◆ Work required
Because the copy must hold no pictures, return the data below with all of its words intact.

◆ Collected material
- - - -

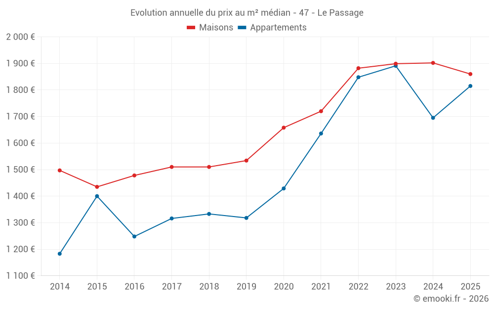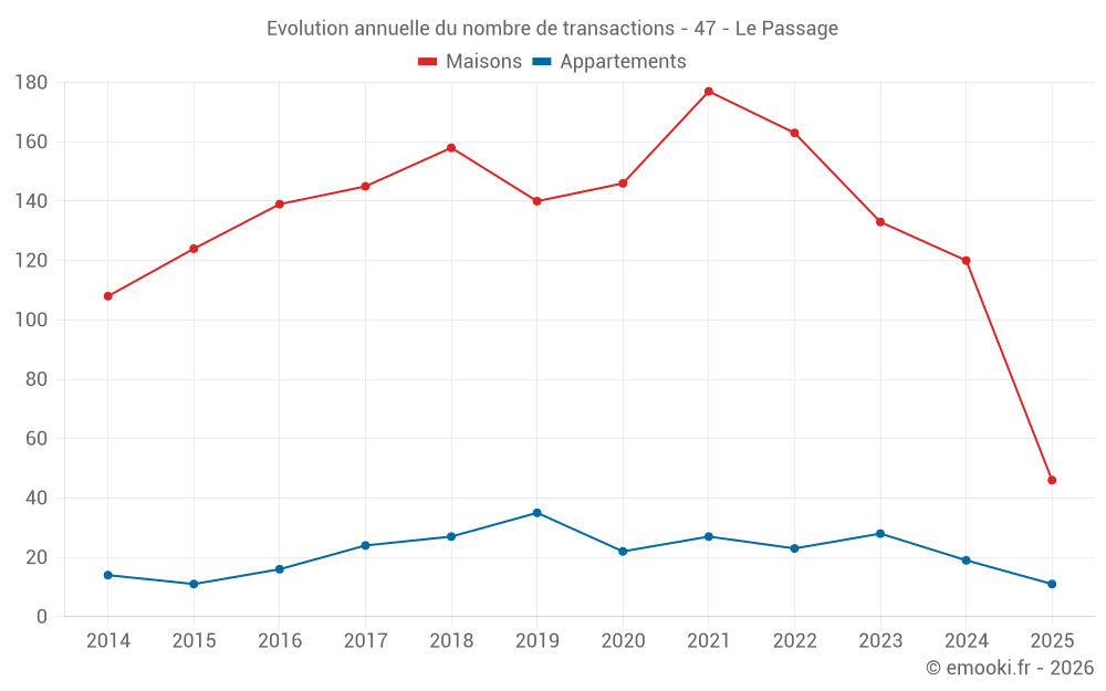 Le prix médian sur les 25 transactions de maisons des 3 derniers mois dans la commune du Passage était de 1 870 € par mètre carré pour une valeur foncière médiane de 157 000 €. Sur cette période 60% des transactions se sont situées entre 1 501 et 2 116 € par mètre carré (du 2ème au 8ème déciles).
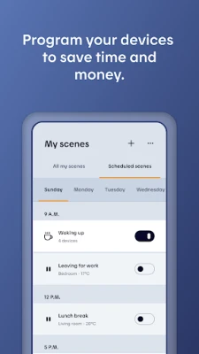 Get creative! Movie night, Sunday brunch, reading corner . . . Create the scenes you want and manage several devices with a single command. Let your home take care of you around the clock.
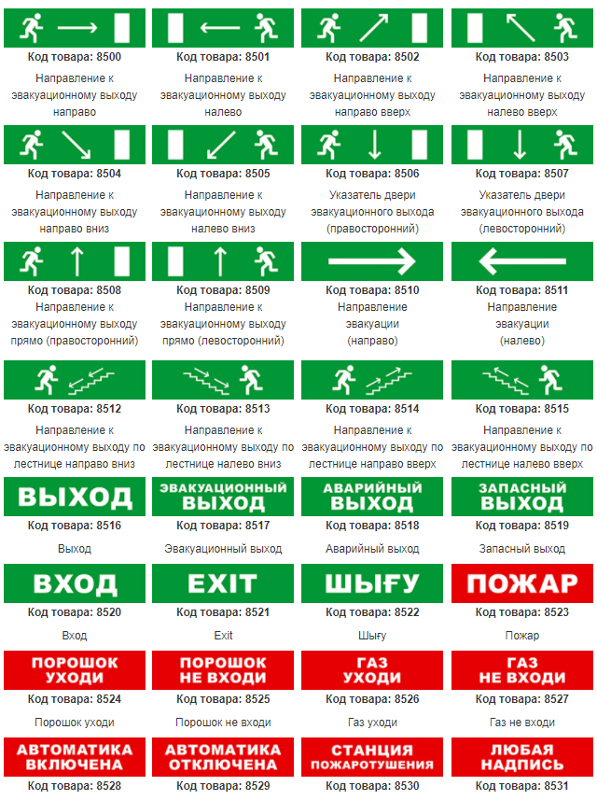 Оповещатель охранно-пожарный световой (табло) «ВЫХОД» SKAT-12 LUX предназначен для обозначения (указания путей) эвакуационных выходов при возникновении чрезвычайной ситуации и/или пожара, а также в качестве информационного табло. В ассортименте присутствуют более 30 видов сменных нестираемых объёмных надписей, необходимых для быстрого и грамотного проектирования путей эвакуации:

- - - -

◆ Exercise solution
 Le prix médian sur les 25 transactions de maisons des 3 derniers mois dans la commune du Passage était de 1 870 € par mètre carré pour une valeur foncière médiane de 157 000 €. Sur cette période 60% des transactions se sont situées entre 1 501 et 2 116 € par mètre carré (du 2ème au 8ème déciles).
 Get creative! Movie night, Sunday brunch, reading corner . . . Create the scenes you want and manage several devices with a single command. Let your home take care of you around the clock.
 Оповещатель охранно-пожарный световой (табло) «ВЫХОД» SKAT-12 LUX предназначен для обозначения (указания путей) эвакуационных выходов при возникновении чрезвычайной ситуации и/или пожара, а также в качестве информационного табло. В ассортименте присутствуют более 30 видов сменных нестираемых объёмных надписей, необходимых для быстрого и грамотного проектирования путей эвакуации:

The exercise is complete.